__PROBLEM STATEMENT__
At the line containing "有機(jī)方茶熟普,紅褐而", begin an exact copy, and continue through the last line of the entries below. Leave out any pictures.

Items listed in a dataset
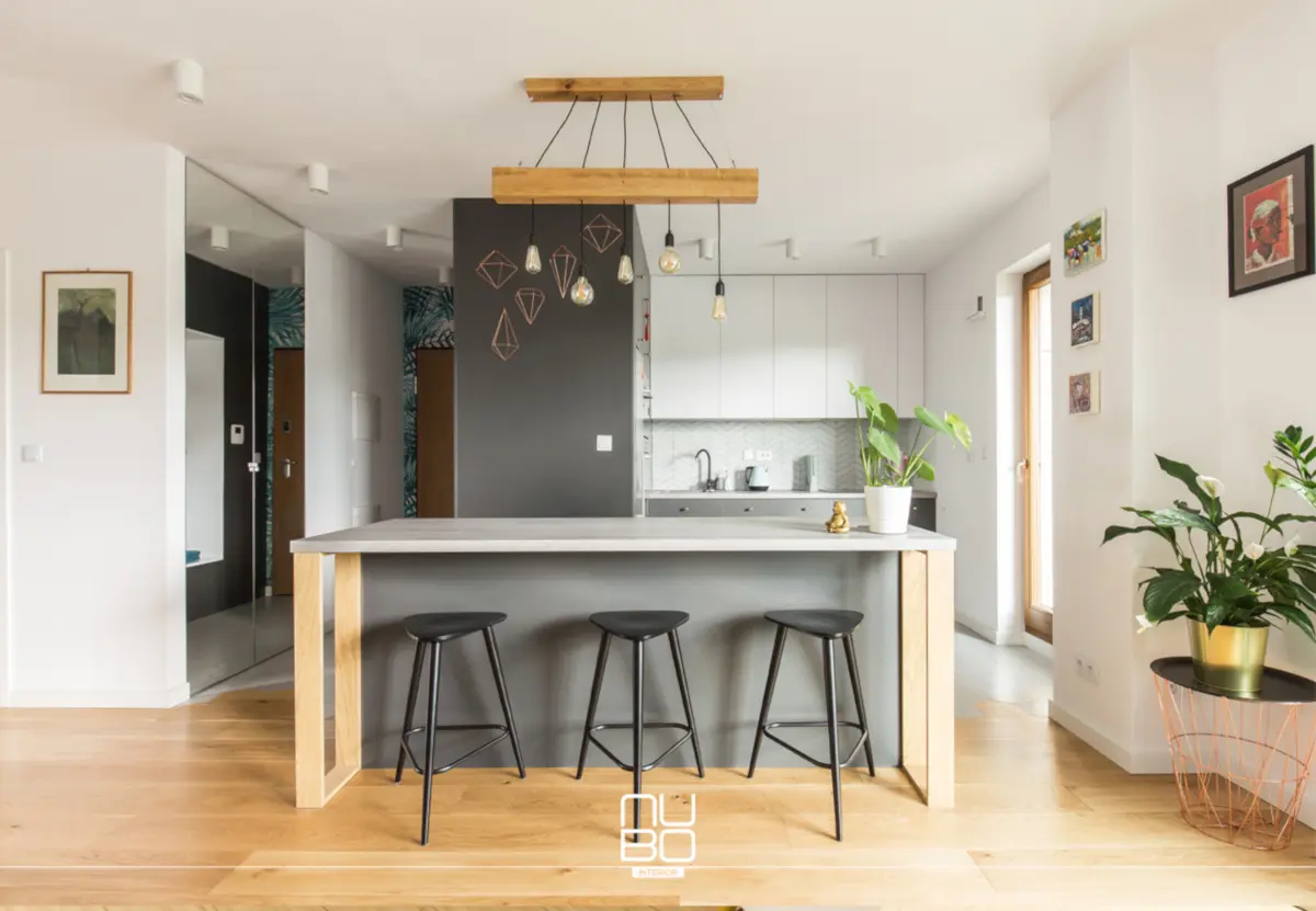Za sprawą betonu, czy to w postaci płyt, czy też farby, tapety, wylewki na podłodze, gresów imitujących ten materiał, czy nawet elementów wyposażenia, które jawnie nawiązują do betonu (na przykład umywalki czy blaty) architekci tworzą wspaniałe koncepty. Jak możemy się przekonać, chętnie go wykorzystują do wydzielenia wybranej strefy, na przykład aneksu kuchennego czy salonu w otwartej przestrzeni.
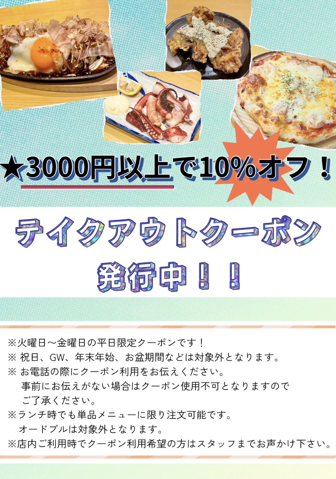 【平日限定】テイクアウトクーポンのご案内
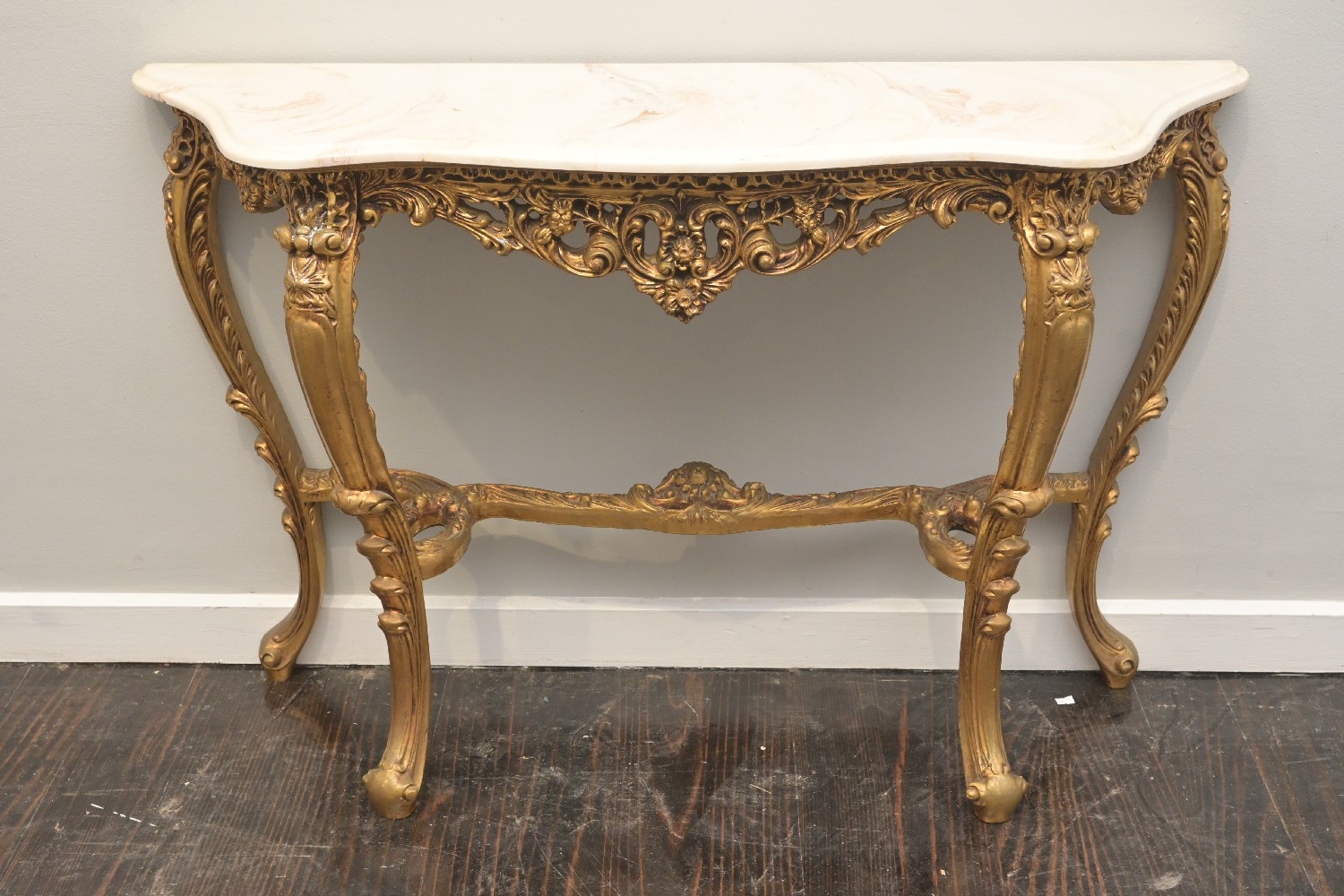 A LOUIS XV-STYLE MARBLE-TOPPED GILT WOOD CONSOLE (A/F) (79H X 117W X 33D CM) LEONARD JOEL DELIVERY SIZE: X-LARGE)
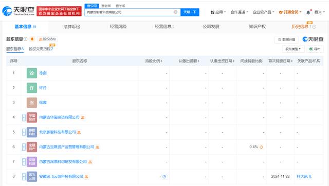 天眼查App显示,近日,内蒙古影智科技有限公司发生工商变更,新增科大讯飞旗下安徽讯飞云创科技有限公司、内蒙古宝晟资产运营管理有限公司为股东。
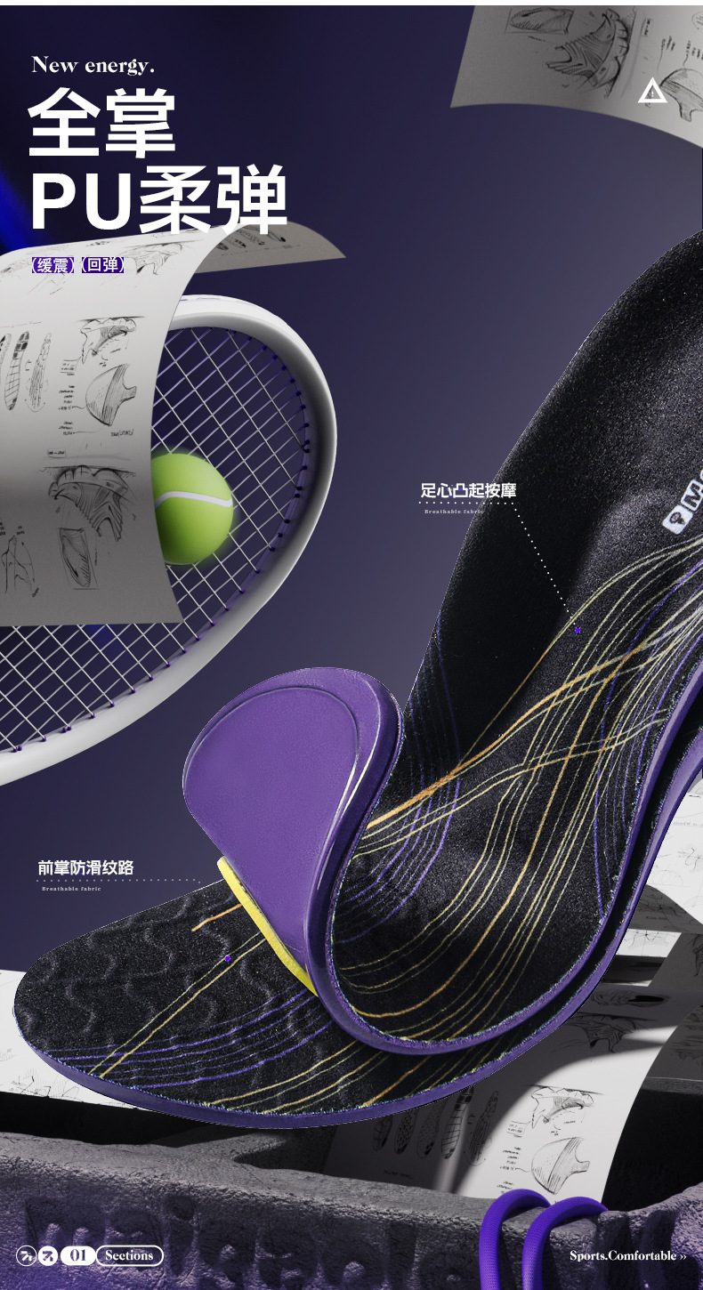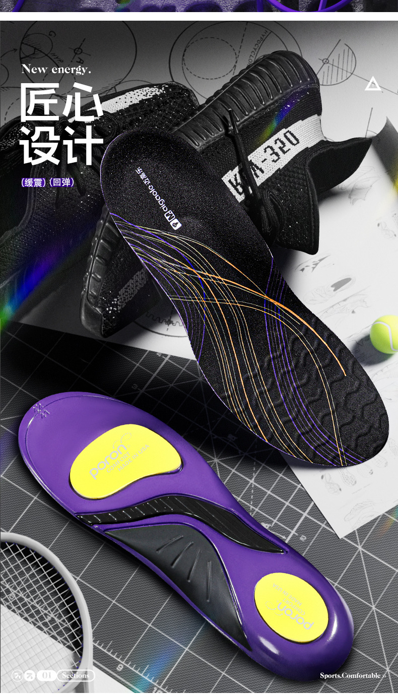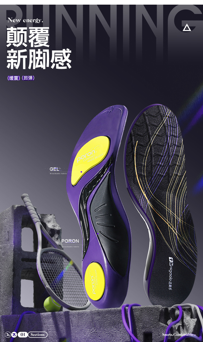 踩屎感久站不累足弓支撑垫篮球专用poron减震运动鞋垫软底男款女
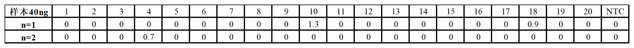 待測樣本:20個陰性樣本和1個NTC。分別將投入量設(shè)置為10ng和40ng,每個樣本做兩個重復(fù)進(jìn)行Bio-Rad數(shù)字PCR檢測。
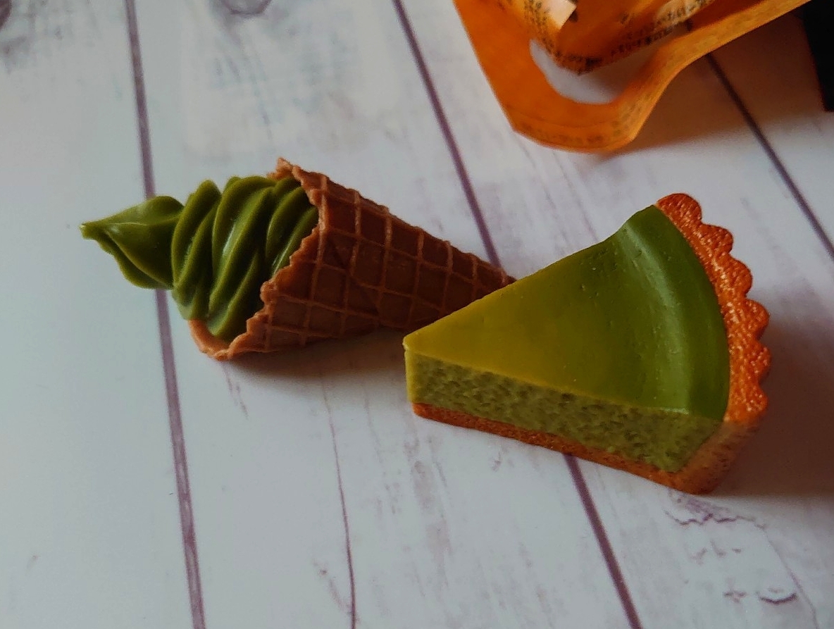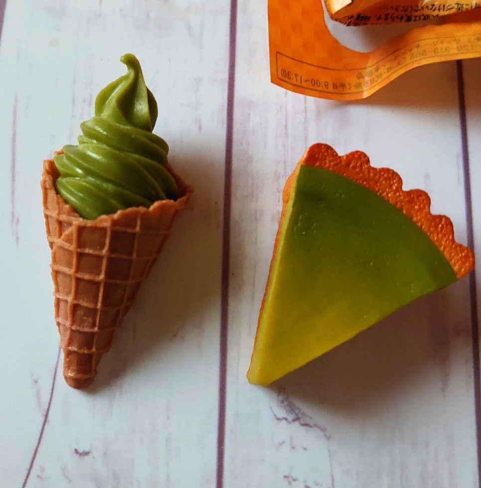 ソフトクリームは7×3×2くらい、タルトは5×3.5×2cmくらいです。取り出して見たあとパッケージに戻して保管していましたが、どちらも経年により粘着が弱ったようで開封状態でした。
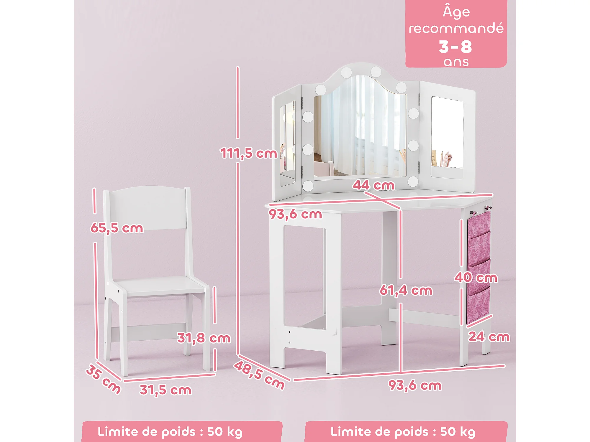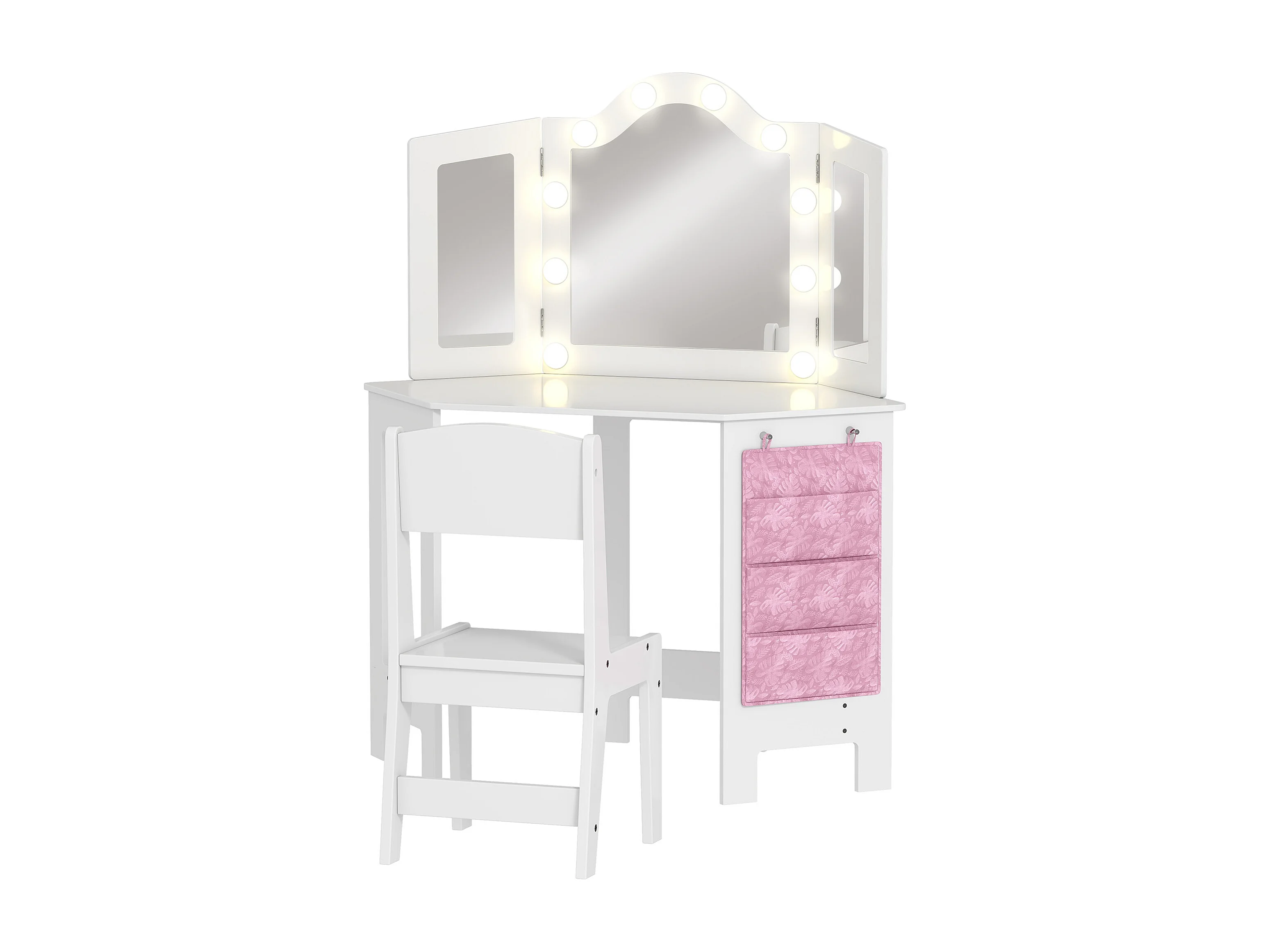 Ensemble coiffeuse enfant chaise et miroir Holywood triptyque - pochette rangement rose - blanc
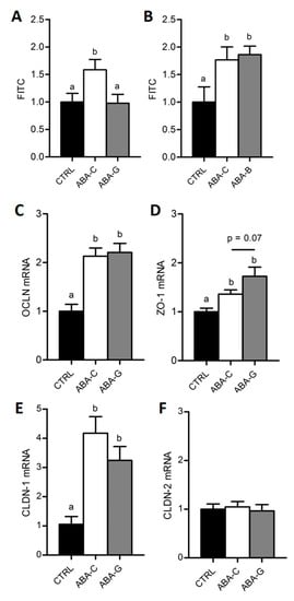 As Gln was able to limit colonic hyperpermeability in ABA mice, we assessed the level of mRNA coding for tight junction proteins in the Gln experiment. Concerning occludin (OCLN), claudin-1 (CLDN-1) and zonula occludens-1 (ZO-1), mRNA levels were increased in the ABA groups compared to the control group (p < 0.05) but there was no significant difference between Gln-supplemented and non-supplemented mice (Figure 3C–E). We observed a trend for an increase in the ZO-1 mrNA level in the ABA-G group compared with the ABA-C group, but the difference did not reach significance (p = 0.07). No difference occurred in any groups for claudin-2 (CLDN-2) mRNA (Figure 3F).
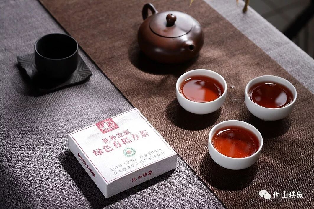 有機(jī)方茶熟普,紅褐而又有光澤的外形,顯示了其良好的發(fā)酵程度。其湯色亮如紅葡萄酒,隱泛有光澤。聞香一縷,是陳香馥郁。入口,滋味醇厚潤滑,溫潤怡人,口感層次豐富協(xié)調(diào)。
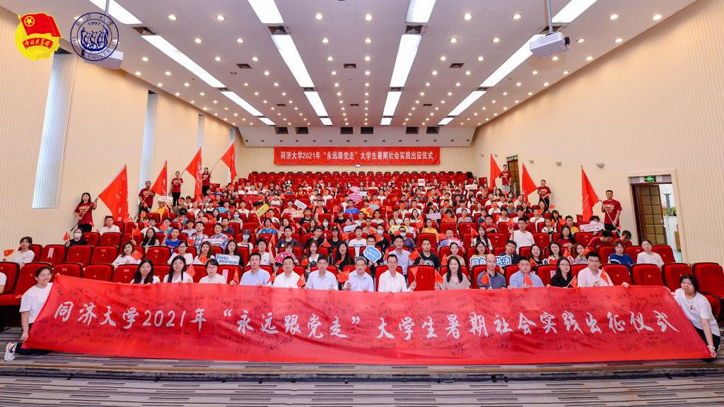 7月8日,同济大学2021年“永远跟党走”大学生暑期社会实践出征仪式在四平路校区举行。校党委副书记吴广明,校长办公室、党委宣传部、教师工作部、学研工部、科研管理部负责人,各学院团委书记,2021年暑期社会实践指导教师代表和实践团成员代表出席了活动。吴广明等为实践团队代表授旗。全体同济人挥旗出征并进行宣誓,同济大学2021年大学生暑期社会实践正式启动。
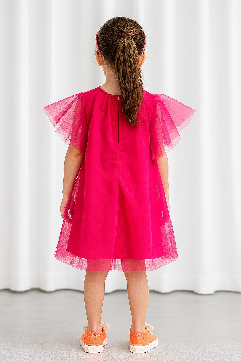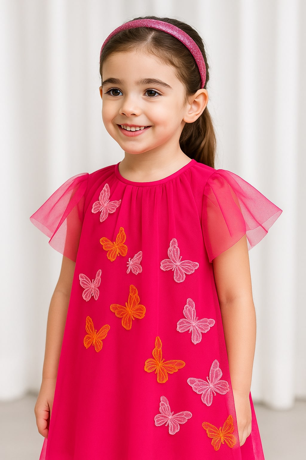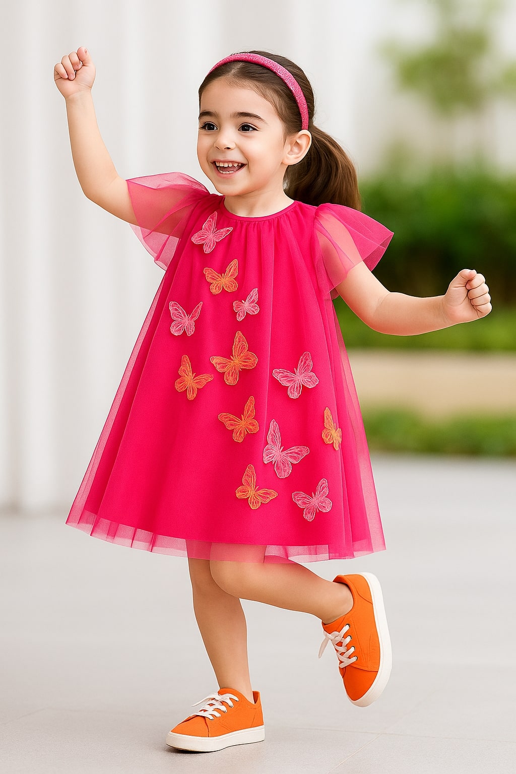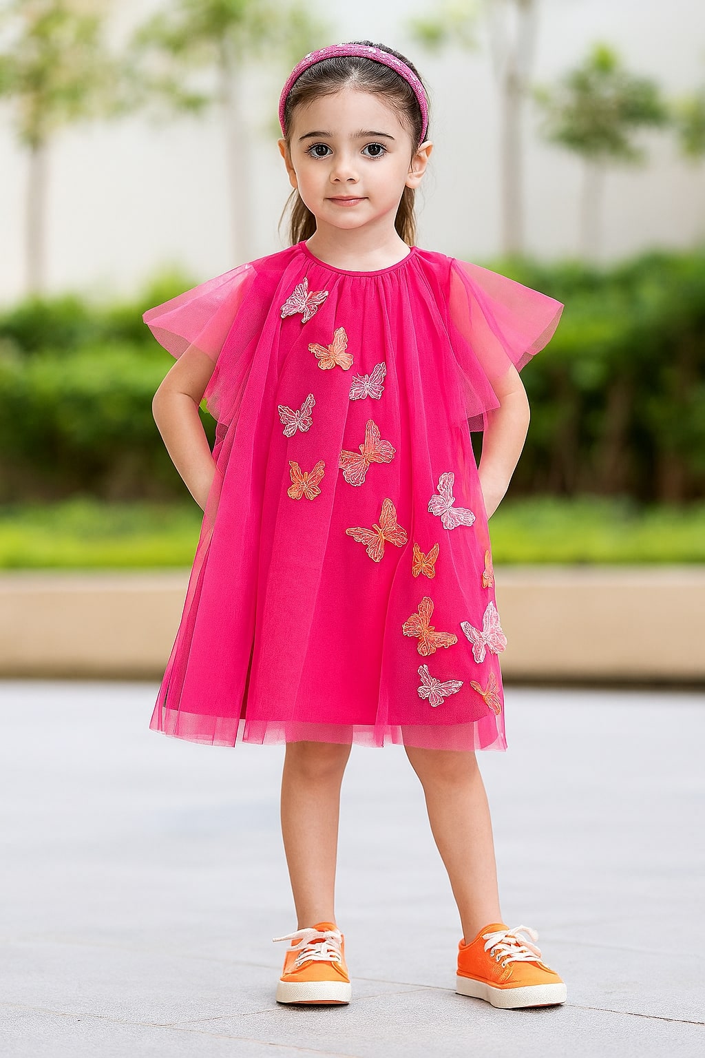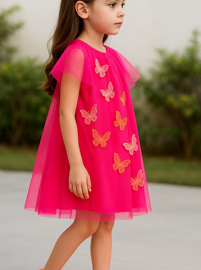 This enchanting dress is crafted in layers of soft tulle, creating a dreamy, flouncy silhouette. Delicate butterflies—each intricately embroidered and hand-attached—flutter gracefully across the surface, adding an ethereal charm.

__WRITTEN ANSWER__
 有機(jī)方茶熟普,紅褐而又有光澤的外形,顯示了其良好的發(fā)酵程度。其湯色亮如紅葡萄酒,隱泛有光澤。聞香一縷,是陳香馥郁。入口,滋味醇厚潤滑,溫潤怡人,口感層次豐富協(xié)調(diào)。
 7月8日,同济大学2021年“永远跟党走”大学生暑期社会实践出征仪式在四平路校区举行。校党委副书记吴广明,校长办公室、党委宣传部、教师工作部、学研工部、科研管理部负责人,各学院团委书记,2021年暑期社会实践指导教师代表和实践团成员代表出席了活动。吴广明等为实践团队代表授旗。全体同济人挥旗出征并进行宣誓,同济大学2021年大学生暑期社会实践正式启动。
 This enchanting dress is crafted in layers of soft tulle, creating a dreamy, flouncy silhouette. Delicate butterflies—each intricately embroidered and hand-attached—flutter gracefully across the surface, adding an ethereal charm.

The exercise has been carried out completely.